The TSA of the sphere is $616c{{m}^{2}}$. Find its volume.

Answer 1

Hint: We will be using the concept of surface area and volume to solve the problem. We will first find the radius of the sphere from the total surface area of the sphere and then use the formula of volume of sphere to find its volume.
Complete step-by-step answer:
Now, we have been given that the total surface area of the sphere is $616c{{m}^{2}}$.
Now, we know that for a sphere of radius r the total surface area is $4\pi {{r}^{2}}$.
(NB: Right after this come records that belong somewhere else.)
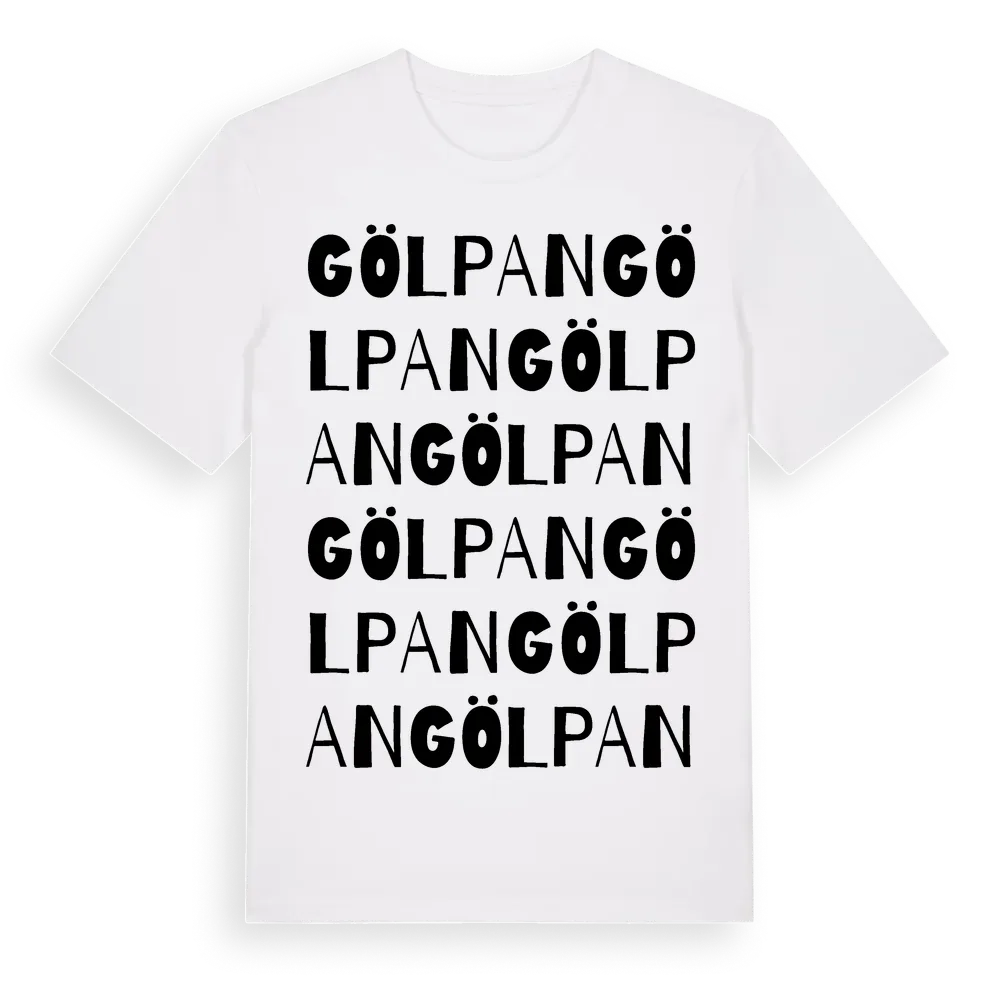 Gölpan ordlek t-shirt är inspirerad av Gölpan i Östergötlands län, Sverige. Tröjan är designad för dig som har en speciell koppling till platsen – oavsett om du bor här, har rötterna här eller bara älskar Gölpan.
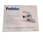 New, in sealed box -Polished Chrome Finish -Loop Handle -Bonus Lever Handle Included -Water Saving Aerator -Chrome Plated Brass Pop Up
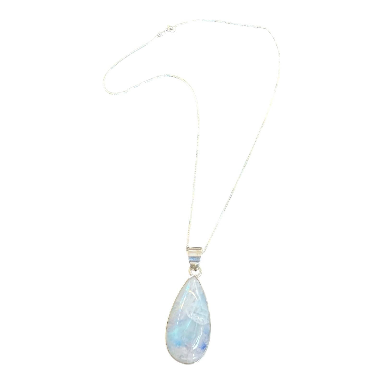 Sterling silver necklace featuring beautiful Moonstone on 18 inch box chain.
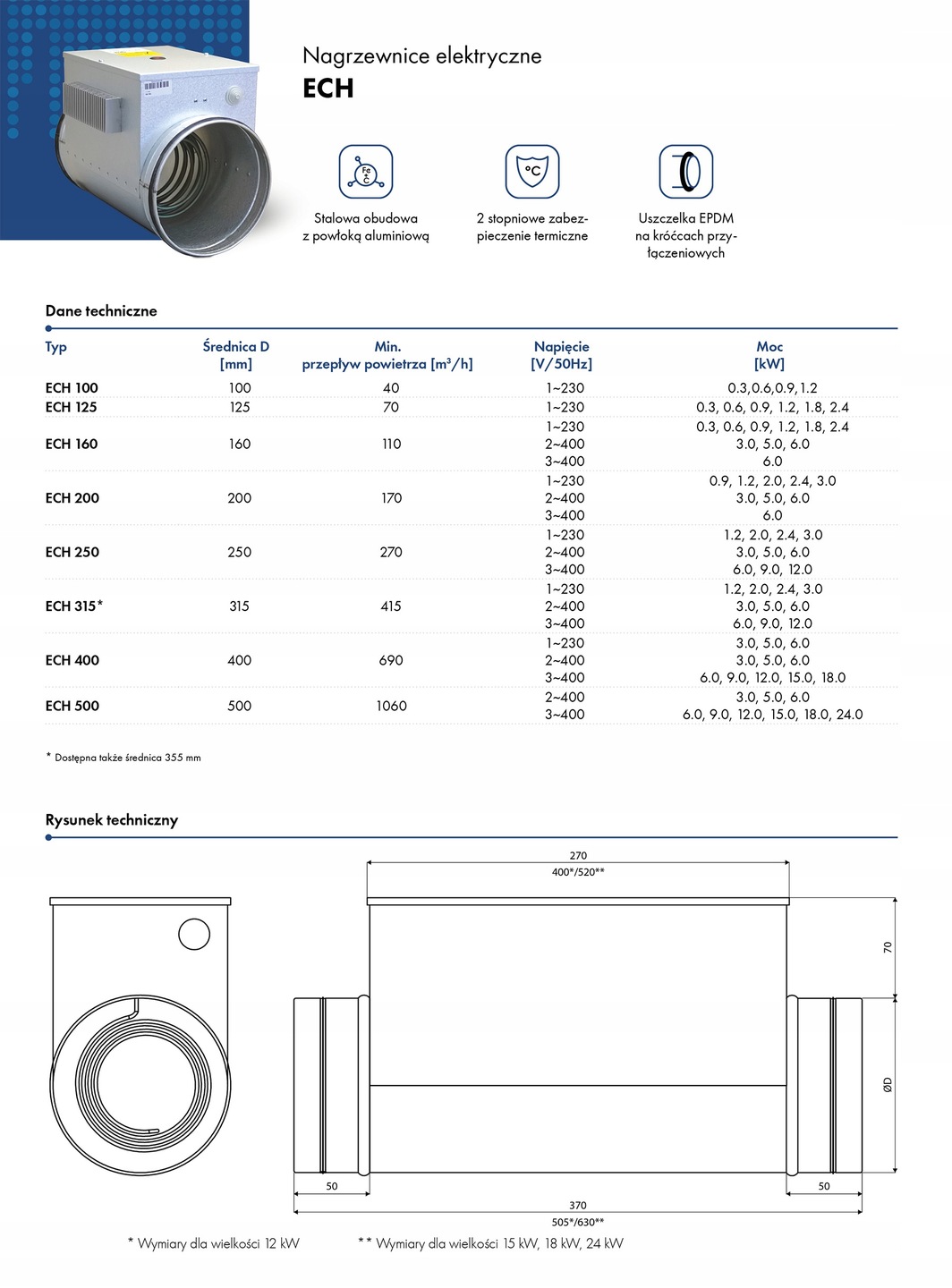 ECH – электрический канальный обогреватель без встроенной автоматики. Мощность обогрева обогревателя можно регулировать с помощью внешнего регулятора HRK. Обогреватели ECH предназначены для установки в воздуховоды круглого сечения. Они выпускаются с типичным диаметром вентиляции от 100 до 500 мм и мощностью от 0,3 до 24,0 кВт.

Now, according to question we have,
$\begin{align}
  & 4\pi {{r}^{2}}=616 \\
 & \pi {{r}^{2}}=\dfrac{616}{4} \\
 & \pi {{r}^{2}}=154 \\
\end{align}$
Now, we will use $\pi =\dfrac{22}{7}$. So,
$\begin{align}
  & \dfrac{22}{7}{{r}^{2}}=154 \\
 & {{r}^{2}}=\dfrac{154\times 7}{22} \\
 & {{r}^{2}}=\dfrac{77\times 7}{11} \\
 & {{r}^{2}}=7\times 7 \\
 & r=7cm \\
\end{align}$
Now, we have to find the volume of sphere and we know that the formula for volume of sphere is
\[=\dfrac{4}{3}\pi {{r}^{3}}\].
Now, we will substitute the value of r = 7 and $\pi =\dfrac{22}{7}$. So, we have the volume of sphere as,
$\begin{align}
  & =\dfrac{4}{3}\times \dfrac{22}{7}\times 7\times 7\times 7 \\
 & =\dfrac{4}{3}\times 22\times 7\times 7 \\
 & =\dfrac{4312}{3} \\
 & =1437.33c{{m}^{3}} \\
\end{align}$
The volume of the sphere is $1437.33c{{m}^{3}}$.

Note: To solve these type of questions it is important to know that the total surface area of a sphere of radius r is $4\pi {{r}^{2}}$ and volume of such sphere is \[\dfrac{4}{3}\pi {{r}^{3}}\]. Also, it has to be noted the way we have used total surface area to find the radius of the sphere.